* [INFORMATION SUPPLIED]:

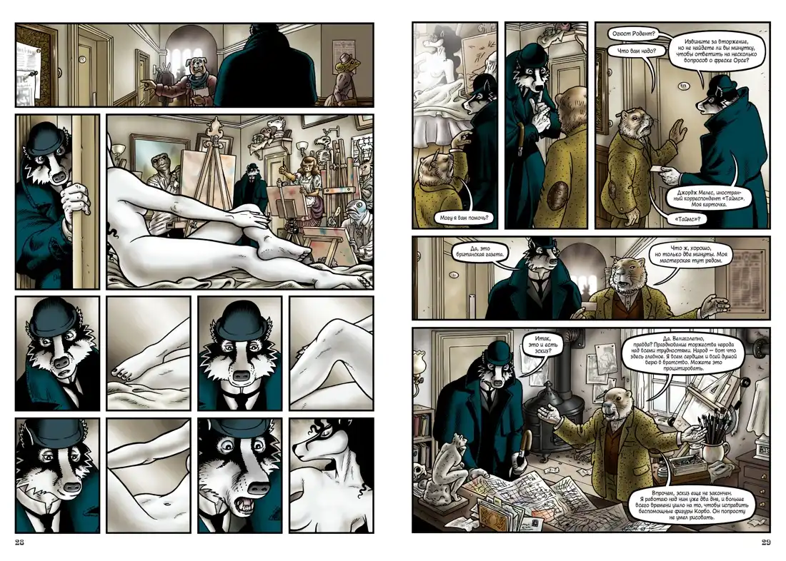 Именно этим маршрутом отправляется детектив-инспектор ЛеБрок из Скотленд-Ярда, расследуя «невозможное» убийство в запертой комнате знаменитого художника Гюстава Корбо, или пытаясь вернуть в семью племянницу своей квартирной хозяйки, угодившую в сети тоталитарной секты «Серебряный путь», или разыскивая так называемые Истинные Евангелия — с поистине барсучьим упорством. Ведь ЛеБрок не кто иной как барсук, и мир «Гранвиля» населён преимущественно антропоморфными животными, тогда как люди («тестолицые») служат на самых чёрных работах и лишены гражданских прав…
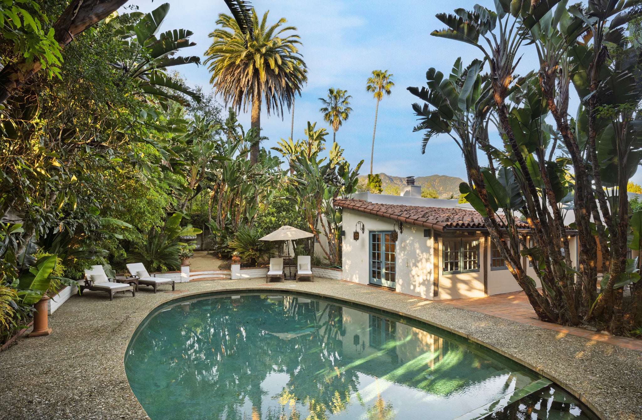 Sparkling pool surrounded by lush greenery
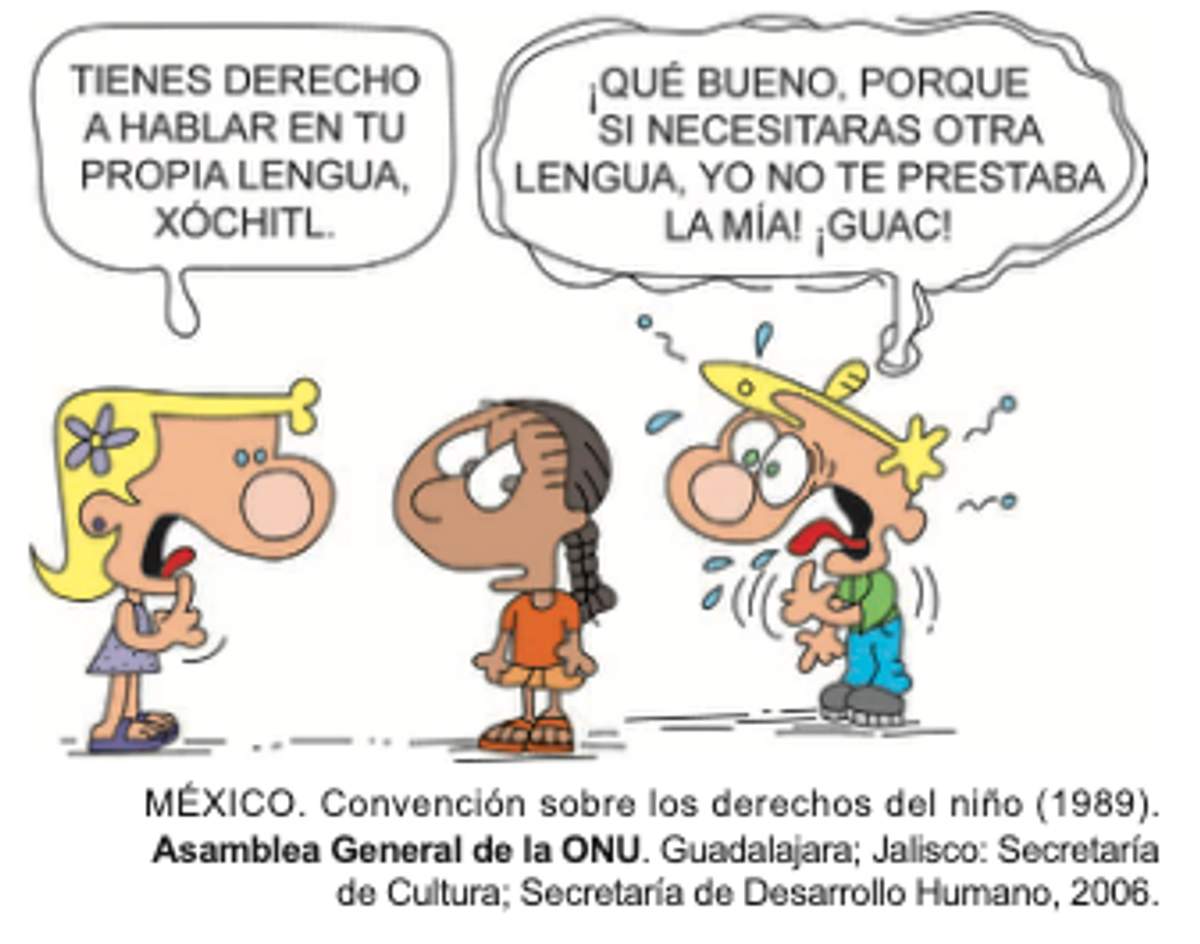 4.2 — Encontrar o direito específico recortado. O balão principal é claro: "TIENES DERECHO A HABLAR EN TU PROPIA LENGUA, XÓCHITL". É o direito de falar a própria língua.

* [ASSIGNMENT]: Repeat the whole listing above word for word. Leave out the pictures.

* [RESULT FOR THIS TASK]:
 Именно этим маршрутом отправляется детектив-инспектор ЛеБрок из Скотленд-Ярда, расследуя «невозможное» убийство в запертой комнате знаменитого художника Гюстава Корбо, или пытаясь вернуть в семью племянницу своей квартирной хозяйки, угодившую в сети тоталитарной секты «Серебряный путь», или разыскивая так называемые Истинные Евангелия — с поистине барсучьим упорством. Ведь ЛеБрок не кто иной как барсук, и мир «Гранвиля» населён преимущественно антропоморфными животными, тогда как люди («тестолицые») служат на самых чёрных работах и лишены гражданских прав…
 Sparkling pool surrounded by lush greenery
 4.2 — Encontrar o direito específico recortado. O balão principal é claro: "TIENES DERECHO A HABLAR EN TU PROPIA LENGUA, XÓCHITL". É o direito de falar a própria língua.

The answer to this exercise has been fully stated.